» **Your assignment**
Apart from the pictures, reproduce the data below exactly as it stands.

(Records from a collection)

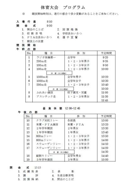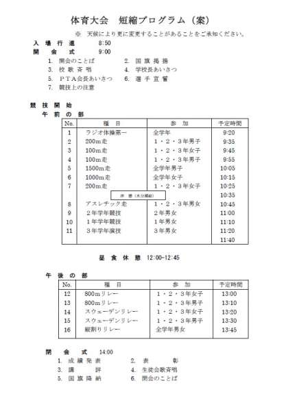 明日の「第68回体育大会」は、天候により、雨天中止や短縮プログラムに変更する場合があります。
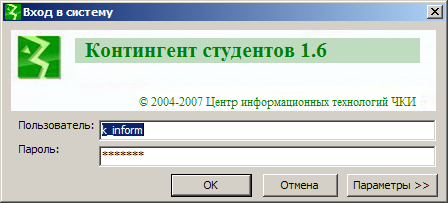 Для запуска программы щелкните два раза по ярлыку «Контингент» на рабочем столе. Когда появиться диалог «Вход в систему» (рис. 1) нажмите ОК, откроется главное окно программы.
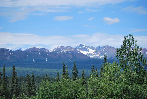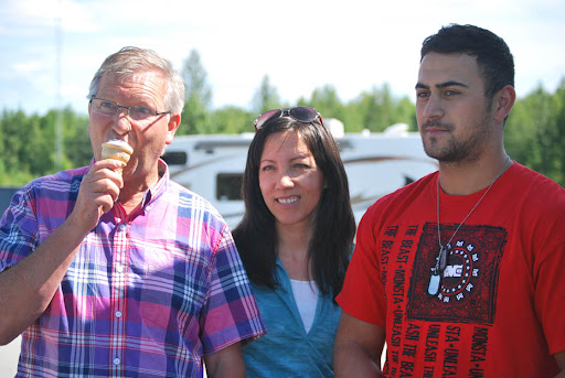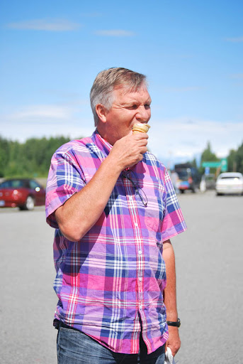 After breakfast we drove from Anchorage to Denali (Mt. McKinley). The drive was really pretty. We made pretty good time by only stopping once at a convenience store. It was interesting while driving through Alaska I saw ice cream shops and signs all over the place. And a few of us got an ice cream cones at the gas station on our stop. I later found a sign that said Alaska consumes the most ice cream out of any other state.
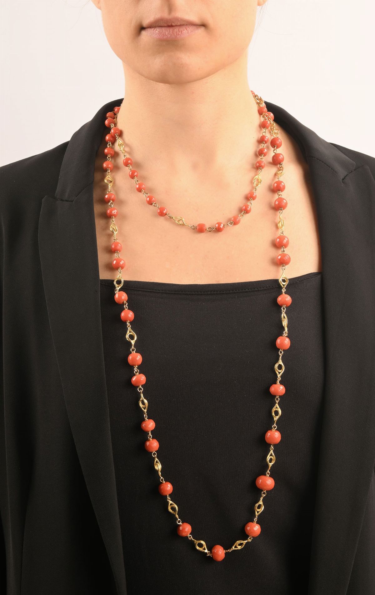 Oro giallo 750/000. Corallo rosso da mm 8 a mm. 15. Peso complessivo gr. 139,5
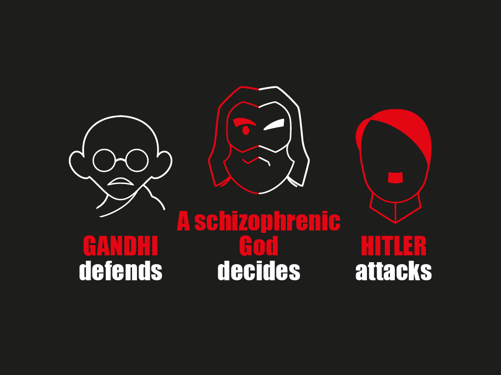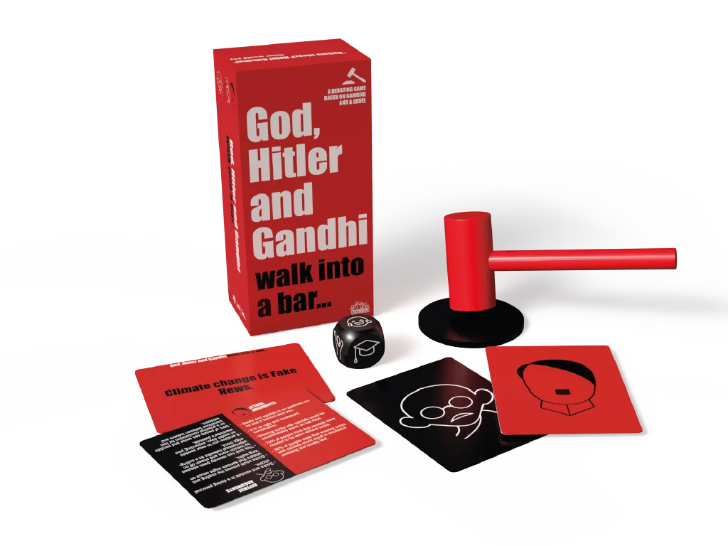 3. God reads a Debate Card aloud and assigns Team Gandhi (defence) and Team Hitler (attack).

» **Task response**
 明日の「第68回体育大会」は、天候により、雨天中止や短縮プログラムに変更する場合があります。
 Для запуска программы щелкните два раза по ярлыку «Контингент» на рабочем столе. Когда появиться диалог «Вход в систему» (рис. 1) нажмите ОК, откроется главное окно программы.
 After breakfast we drove from Anchorage to Denali (Mt. McKinley). The drive was really pretty. We made pretty good time by only stopping once at a convenience store. It was interesting while driving through Alaska I saw ice cream shops and signs all over the place. And a few of us got an ice cream cones at the gas station on our stop. I later found a sign that said Alaska consumes the most ice cream out of any other state.
 Oro giallo 750/000. Corallo rosso da mm 8 a mm. 15. Peso complessivo gr. 139,5
 3. God reads a Debate Card aloud and assigns Team Gandhi (defence) and Team Hitler (attack).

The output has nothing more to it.